# A Stick For A Musical Friend



## Stickie (Mar 28, 2016)




----------



## Rodney (Jun 12, 2015)

My daughter plays piano. She would love that one.

Rodney


----------



## MJC4 (Mar 6, 2014)

Sweet! What is the keyboard collar made of?


----------



## Stickie (Mar 28, 2016)

Spacer made of imitation ivory with black coloured acrylic let in


----------



## cobalt (Nov 14, 2013)

very nice craftsmanship.

is that a taga nut?


----------



## CV3 (Jan 30, 2014)

Well done! A sicky your friend will be proud to carry.


----------



## RandyL476 (Aug 24, 2014)

Very well done.


----------



## Sean (Dec 29, 2012)

Those are beauts.


----------



## Gloops (Jan 23, 2015)

Great job, the comments must be Music to your ears


----------



## Batakali (Feb 28, 2016)

Beautiful work! By the way, I can't say your name without thinking of an episode of black adder. " there hasn't been a stickier situation since stickie the stick insect got stuck on a sticky bun."


----------



## LilysDad (Sep 25, 2014)

Beautiful!

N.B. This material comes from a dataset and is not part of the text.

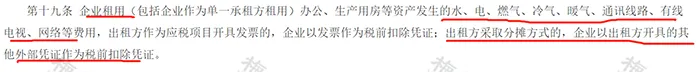 違法事實: 2022年,合同年租金7833284.8元,成本費用實際列支租金7239118.13元,收到發(fā)票金額3621284.8元,未收到發(fā)票金額3617833.33元,造成他人少繳房產(chǎn)稅217070.00元,印花稅1808.92元,個人所得稅275644.44元,合計造成他人少繳稅款494523.36元。 2023年,合同年租金6935878.20元,成本費用實際列支租金6935878.20元,收到發(fā)票金額3630116.80元,未收到發(fā)票金額3305761.40元,造成他人少繳房產(chǎn)稅198345.68元,印花稅1652.88元,個人所得稅251867.54元,合計造成他人少繳稅款451866.10元。 該公司未按規(guī)定取得發(fā)票,造成他人少繳稅款1640810.11元,最終被處以罰款82.33萬元。 租房的水電費都是房東個人 水電費的戶名都是房東,也不能直接開給公司。因為發(fā)票抬頭是房東的,不符合增值稅進項稅額的抵扣規(guī)定,存在不能抵扣進項稅額的問題。 但是,公司租房子支付的水電費發(fā)票抬頭是房東的,卻可以作為企業(yè)所得稅的稅前扣除憑證。 根據(jù)《企業(yè)所得稅稅前扣除憑證管理辦法》第十九條規(guī)定:租房產(chǎn)生的水電等費用,出租方可以和承租方采取分攤的方式處理! 水電費發(fā)票抬頭是房東個人的稅前扣除資料:發(fā)票、發(fā)票分割單。 除了上述資料,在租賃合同條款中亦需要約定分攤,使得相關(guān)憑證更加合理合規(guī)。 (分割單樣式) 注意:分割單不可以作為增值稅的抵扣憑證來抵扣增值稅。 一、增值稅 二、個人所得稅 個人將承租房屋轉(zhuǎn)租取得的租金收入,屬于個人所得稅應(yīng)稅所得,應(yīng)按“財產(chǎn)租賃所得”項目計算繳納個人所得稅。對個人出租住房取得的所得減按10%的稅率征收個人所得稅。 在計算財產(chǎn)租賃所得時,納稅人可依次扣減財產(chǎn)租賃過程中繳納的稅費、向出租方支付的租金、由納稅人負擔的租賃財產(chǎn)實際開支的修繕費用以及稅法規(guī)定的費用扣除標準。根據(jù)個人所得稅法規(guī)定,財產(chǎn)租賃所得費用扣除標準為,每次收入不超過4000元的,減除費用800元;4000元以上的,減除20%的費用。 三、房產(chǎn)稅 此外,教育費附加、地方教育附加方面,根據(jù)《財政部 國家稅務(wù)總局關(guān)于擴大有關(guān)政府性基金免征范圍的通知》(財稅〔2016〕12號)規(guī)定,如果月租金不超過10萬元,予以免征。 一、增值稅 1.一般規(guī)定 2.減免規(guī)定 (1)對經(jīng)營公租房所取得的租金收入,免征增值稅。公租房經(jīng)營管理單位應(yīng)單獨核算公租房租金收入,未單獨核算的,不得享受免征增值稅優(yōu)惠政策。 (2)軍隊空余房產(chǎn)租賃收入,免征增值稅。 二、城建稅及附加稅 三、房產(chǎn)稅 1.一般規(guī)定 企業(yè)出租房屋,以房產(chǎn)租金收入為房產(chǎn)稅的計稅依據(jù),稅率為12%。 無租使用其他單位房產(chǎn)的應(yīng)稅單位和個人,依照房產(chǎn)余值代繳納房產(chǎn)稅。 對出租房產(chǎn),租賃雙方簽訂的租賃合同約定有免收租金期限的,免收租金期間由產(chǎn)權(quán)所有人按照房產(chǎn)原值繳納房產(chǎn)稅。 2.減免規(guī)定 (1)對企事業(yè)單位、社會團體以及其他組織按市場價格向個人出租用于居住的住房,減按4%的稅率征收房產(chǎn)稅。 (2)對按政府規(guī)定價格出租的公有住房和廉租住房,包括企業(yè)和自收自支事業(yè)單位向職工出租的單位自有住房;房管部門向居民出租的公有住房;落實私房政策中帶戶發(fā)還產(chǎn)權(quán)并以政府規(guī)定租金標準向居民出租的私有住房等,暫免征收房產(chǎn)稅。 (3)對公租房免征房產(chǎn)稅優(yōu)惠期限延長至2027年12月31日。 (4)2021年1月1日至2027年12月31日,增值稅小規(guī)模納稅人可以在50%的稅額幅度內(nèi)減征房產(chǎn)稅。 四、城鎮(zhèn)土地使用稅 五、印花稅

Does that style of handle have a name?


----------



## Stickie (Mar 28, 2016)

Hi
This pattern of handle is a cardigan stick
Regards


----------



## Whiteroselad (Dec 4, 2015)

Beautiful work stickie, I am a fan of the cardigan style handle but I have yet to attempt to imitate the style. I SHALL look forward to trying it out though. N.


----------